(Sarnia) On Wednesday, March 22, Don Ciparis and Emery Huszka of the National Farmers Union-Ontario brought agricultural concerns to the International Joint Commission on the Great Lakes meeting in Sarnia. They noted that farmers are willing and ready to make improvements to their farm operations. For example, some farmers are implementing the 4R fertilizer stewardship and strategic fertilizer best practices and using precision ag technology, crop rotation, and cover crops in grain production while livestock producers have detailed plans for manure, and organic operations choose non-chemical options. Other initiatives such as Environmental Farm Plans, soil and crop plans, and nutrient management regulations are already being implemented by Ontario farmers in many sectors.
“Farmers want real support though,” noted Huszka. “You wouldn’t invite your neighbour to dinner and then present them with a bill. Good programs need adequate funding. The Great Lakes Agricultural Stewardship Initiative was promising, but it was completely underfunded and initially was oversubscribed in 24 hours. When we speak of sustainable, the funding must take the long view. Good stewards need good tools.”
Huszka and Ciparis presented on additional agriculture best practices including minimum or no-till options that reduce run off threats and assist in capturing available fertilizer through the use of cover crops, building organic soil composition to enhance water retention, and buffer strips, wind breaks, and minimum setbacks to water courses to prevent soil erosion.

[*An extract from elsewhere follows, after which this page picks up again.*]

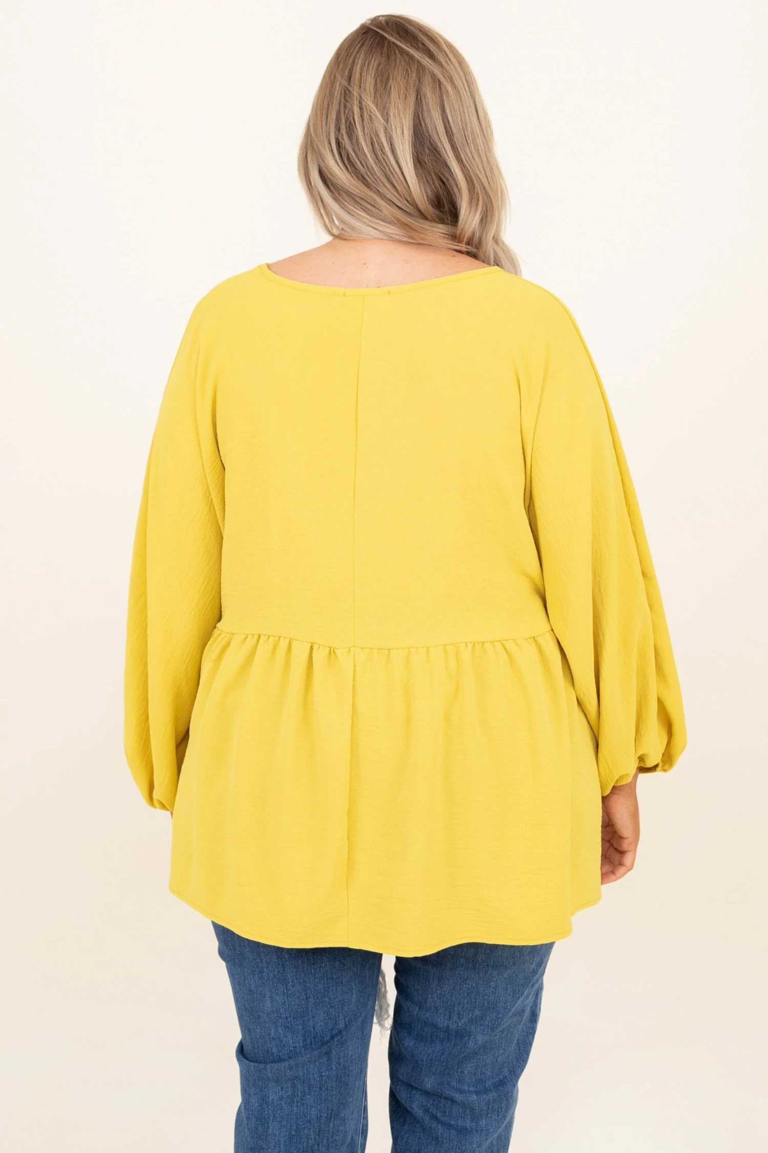 Be queen for a day in this regal top! The v-neck style is super flirty and the gold kiwi color is gorgeous! The loose babydoll style will look good on anyone and the bubble sleeves are so trendy! Style this with some white flares and wedges for an incredible look!

“Algae blooms in the Great Lakes are a societal problem; Ontario farmers are only one small piece of the puzzle,” commented Ciparis. “We need everyone at the table participating, without exception, including the provinces and states, as well as other stakeholders that depend on the Great Lakes.”
In his presentation to the IJC, Ciparis cited a 2003 study from Ohio’s EPA, which found that the dumping of dredged materials by the Army Corps of Engineers created its own algae blooms. “I’ve been working on this issue for over ten years, and there are multiple causes. We need to make sure we’re all working on it together,” said Ciparis.